«Quelle est l’importance des directives anticipées dans mon quotidien professionnel de médecin en soins intensifs?» Dans son essai, c’est à cette question que s’intéresse Miodrag Filipovic, membre du comité de direction de l’Académie suisse des sciences médicales ASSM et président du groupe de travail national Projet de soins anticipé (ProSA).
Une femme de 82 ans, veuve et vivant seule, consulte son médecin de famille pour des douleurs abdominales qui persistent depuis deux jours. Celui-ci l’envoie à l’hôpital, où elle est opérée le jour même. En plus d’une inflammation de l’abdomen, l’équipe chirurgicale découvre une tumeur au niveau du gros intestin. Elle retire une partie du gros intestin et crée une iléostomie. Au cours de l’opération, des troubles circulatoires, pulmonaires et rénaux se déclarent et la patiente est donc transférée en unité de soins intensifs pour un traitement plus poussé.

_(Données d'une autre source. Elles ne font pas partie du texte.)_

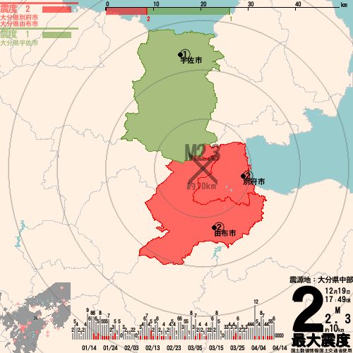 日本の地震の震度情報を、市区町村単位で、地図に描きます。地震は、地盤によって意外な揺れ方をしており、一概に近いほど揺れている訳ではありません。震度3以上の地震はプッシュ通知でお知らせします。津波注意報・津波警報が出ている場合、その旨を文字とともに、海を赤色に描画して警告します。過去の地震も閲覧できます。原子力発電所との位置関係を把握可能。

Malheureusement, son état reste instable le lendemain: la patiente est placée sous respirateur artificiel et n’est pas capable de discernement. Heureusement, elle a récemment rédigé ses directives anticipées. Son voisin, avec lequel elle est en contact étroit et fait de nombreuses sorties, y figure comme représentant. Bien qu’elle ne souhaite pas être réanimée, la patiente accepte les traitements en soins intensifs, à condition qu’il y ait de bonnes raisons de croire qu’elle pourra rentrer chez elle et continuer leurs activités ensemble.
Dans de telles situations, les directives anticipées sont d’une grande aide pour les spécialistes en soins intensifs. Les informations les plus importantes portent sur la personne désignée comme représentante (sans ce document, le voisin n’aurait même pas le droit d’être informé!) et sur la «déclaration concernant les valeurs», dans le cas présent, le souhait de la patiente de vivre chez elle en toute autonomie et de continuer les sorties.

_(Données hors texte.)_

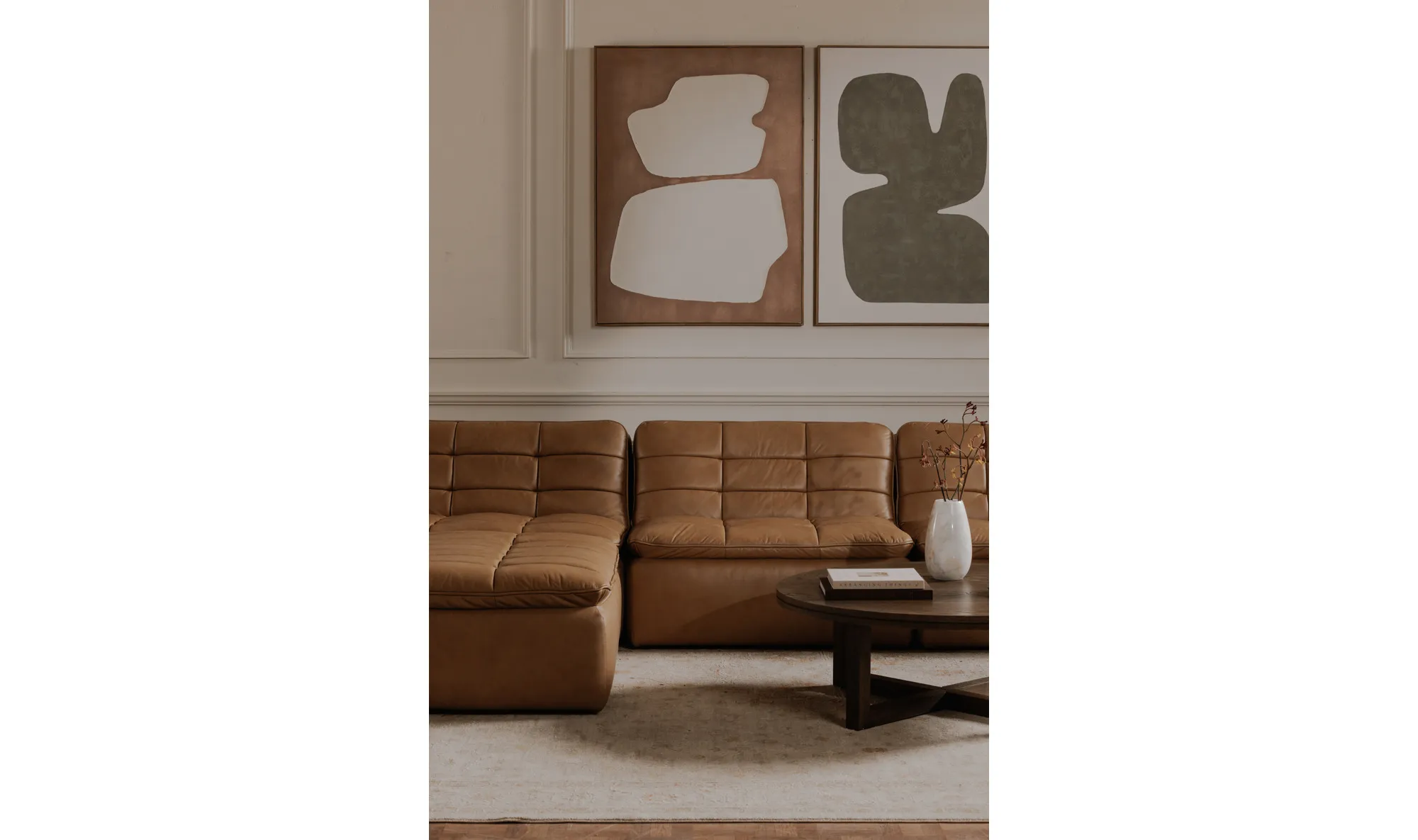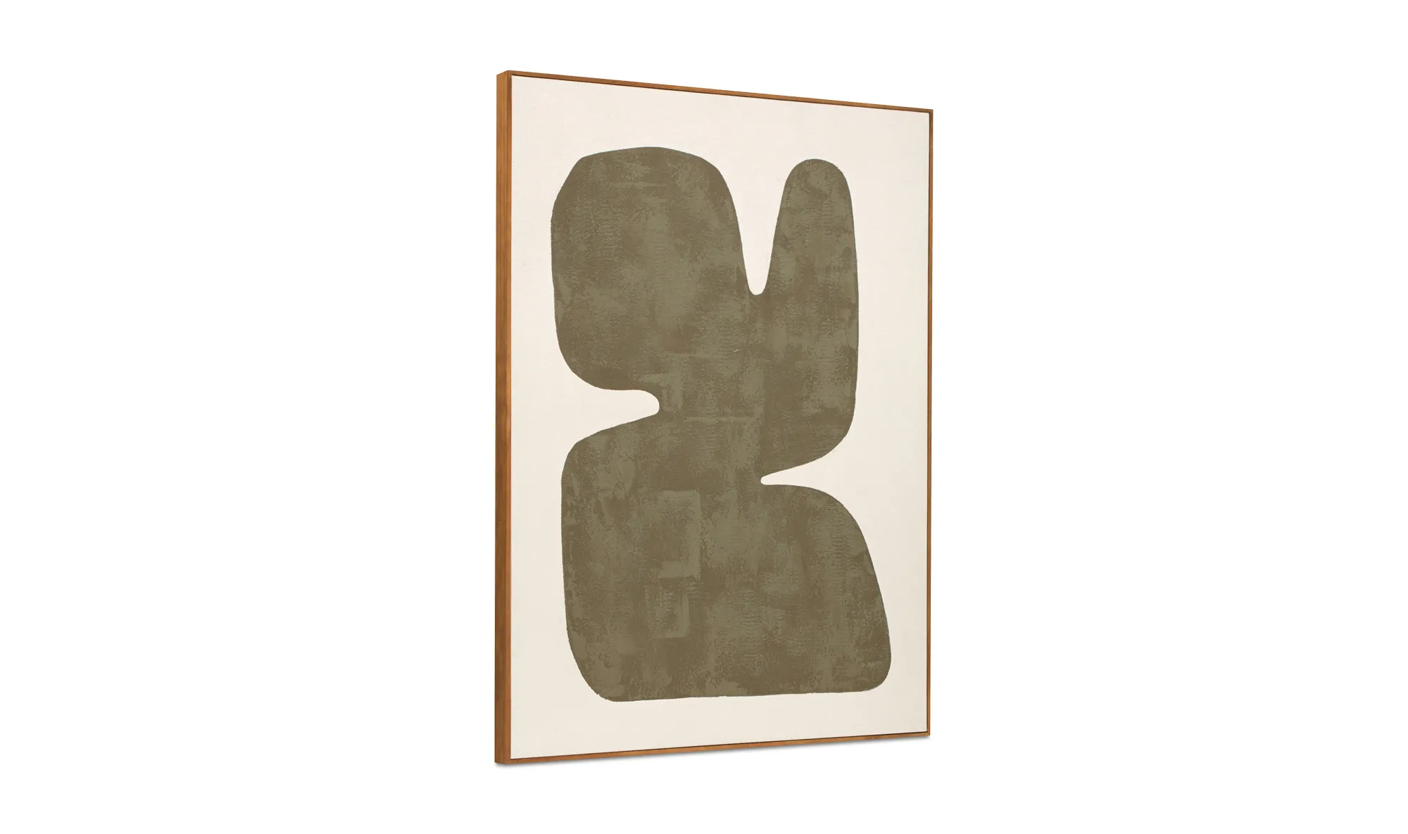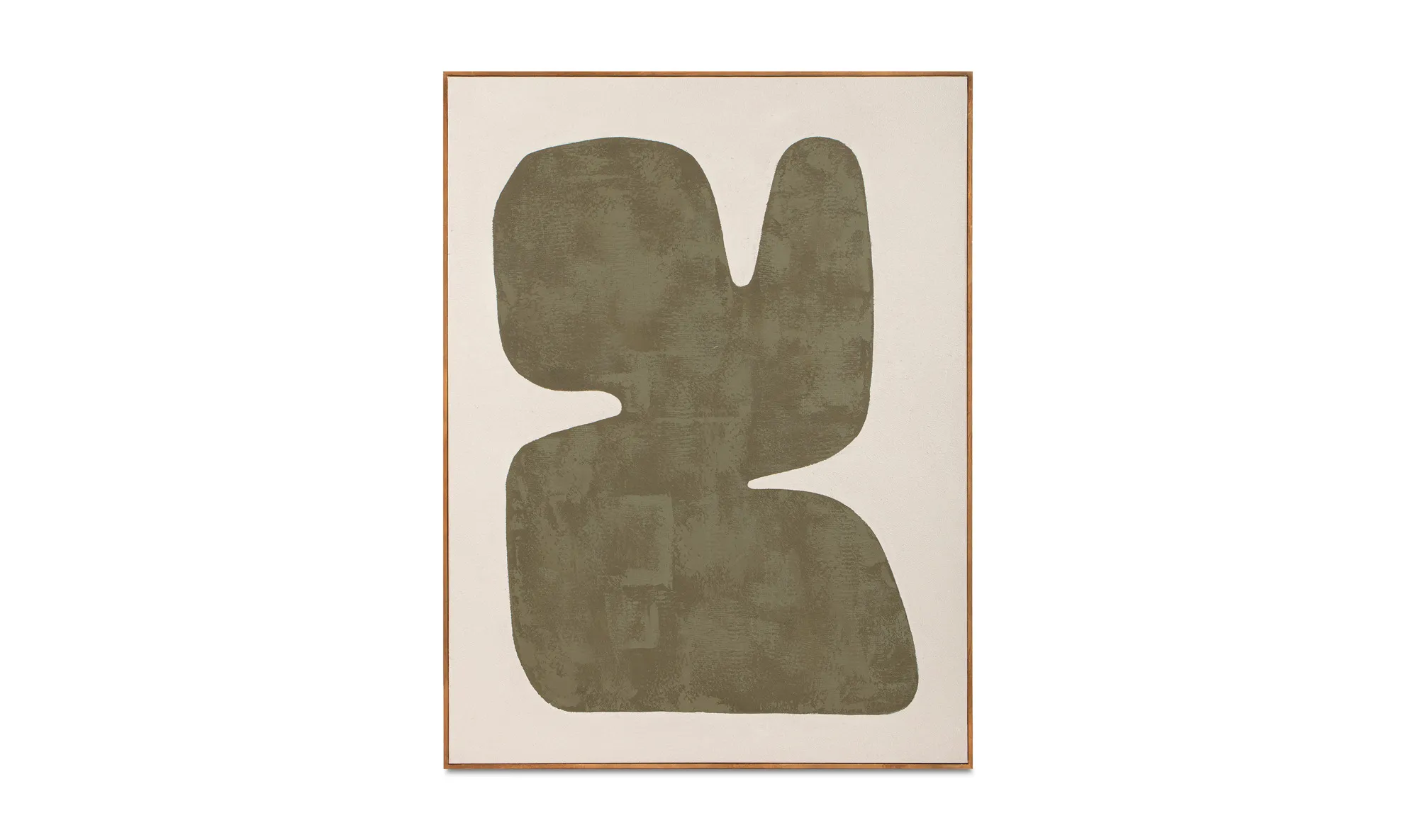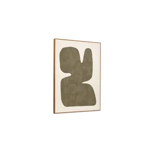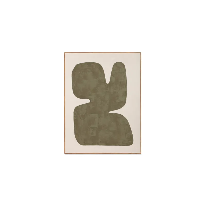 The Soha framed painting bridges bold modernism and everyday sophistication. Rich sage green hues dance against an off-white background, creating a harmonious balance. This abstract, free-form painting is encased in a solid pine frame, adding warmth and natural charm.

Après quelques jours de soins intensifs, notre patiente se rétablit. Elle peut quitter l’hôpital au bout de deux semaines et rentrer chez elle après une réadaptation hospitalière pour reprendre ses activités habituelles. Si l’évolution de la maladie avait été moins favorable, par exemple en cas d’AVC avec hémiplégie comme complication supplémentaire, l’équipe de soins intensifs aurait dû déterminer en concertation avec le voisin de la patiente que ce type de traitement ne correspondait plus à ce qu’elle voulait. À la place, une thérapie palliative aurait été plus adaptée.
Cet exemple montre à quel point il est important et utile pour l’équipe de soins de pouvoir s’appuyer sur un projet de soins anticipé et sur des directives anticipées claires en cas de perte de la capacité de discernement – une chose qui peut nous arriver à toutes et tous du jour au lendemain. C’est la seule manière de garantir que les examens et le traitement seront réalisés conformément aux idées de la personne frappée d’incapacité de discernement.
Avec l’initiative «Projet de soins anticipé» de l’Office fédéral de la santé publique (OFSP) et de l’Académie suisse des sciences médicales (ASSM), nous espérons convaincre encore plus de personnes de la nécessité des directives anticipées.